» WHAT THIS TASK INVOLVES:
In full and word for word, copy the listing; no pictures belong in the copy.

» DATA SHOWN:
--------------------

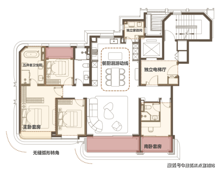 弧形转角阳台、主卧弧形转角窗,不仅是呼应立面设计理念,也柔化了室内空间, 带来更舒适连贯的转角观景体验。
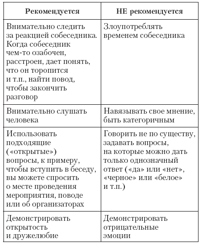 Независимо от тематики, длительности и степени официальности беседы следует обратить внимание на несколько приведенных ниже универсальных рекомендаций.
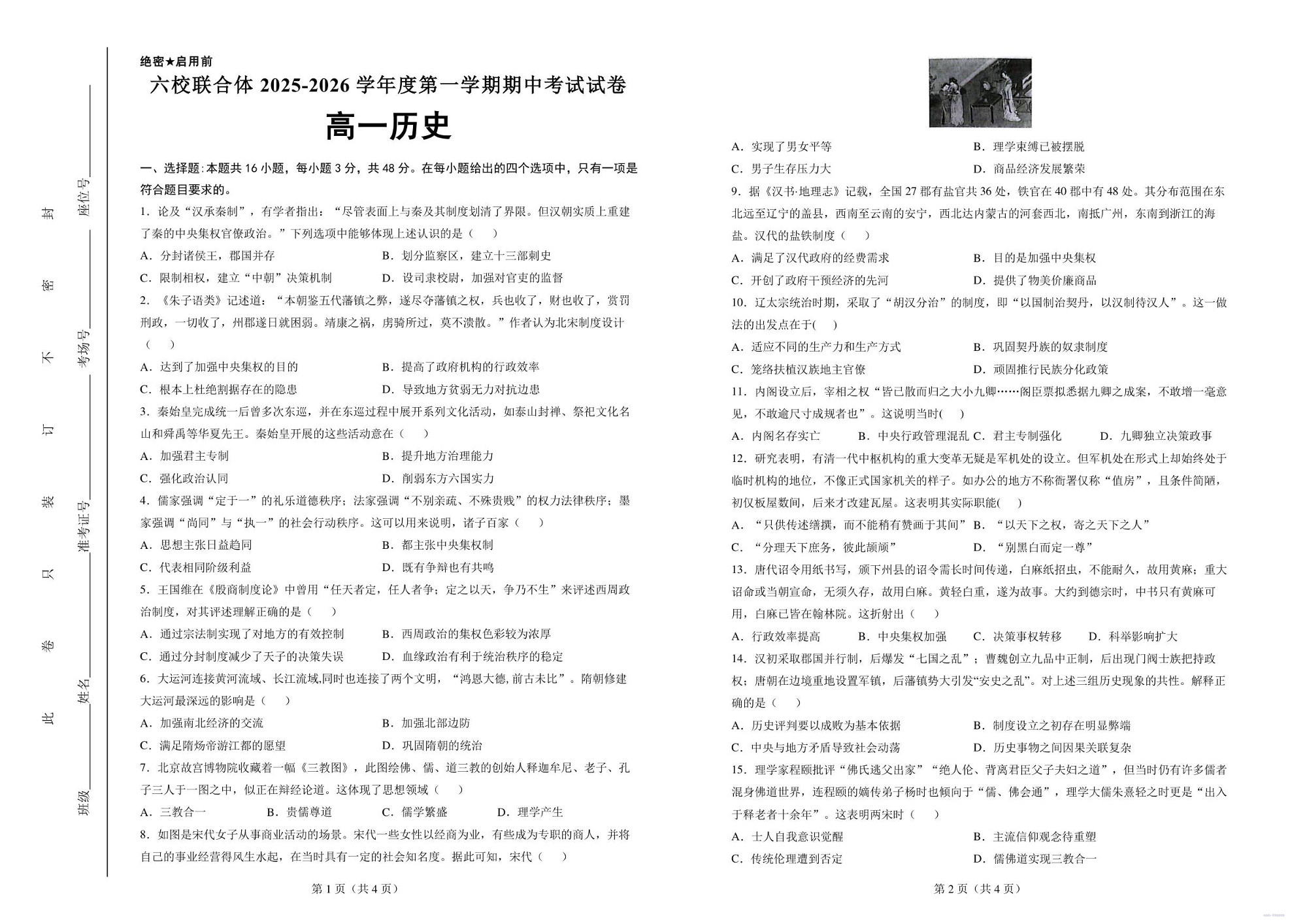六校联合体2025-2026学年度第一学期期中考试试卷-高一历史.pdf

--------------------

» RESPONSE TO THE EXERCISE:
 弧形转角阳台、主卧弧形转角窗,不仅是呼应立面设计理念,也柔化了室内空间, 带来更舒适连贯的转角观景体验。
 Независимо от тематики, длительности и степени официальности беседы следует обратить внимание на несколько приведенных ниже универсальных рекомендаций.
六校联合体2025-2026学年度第一学期期中考试试卷-高一历史.pdf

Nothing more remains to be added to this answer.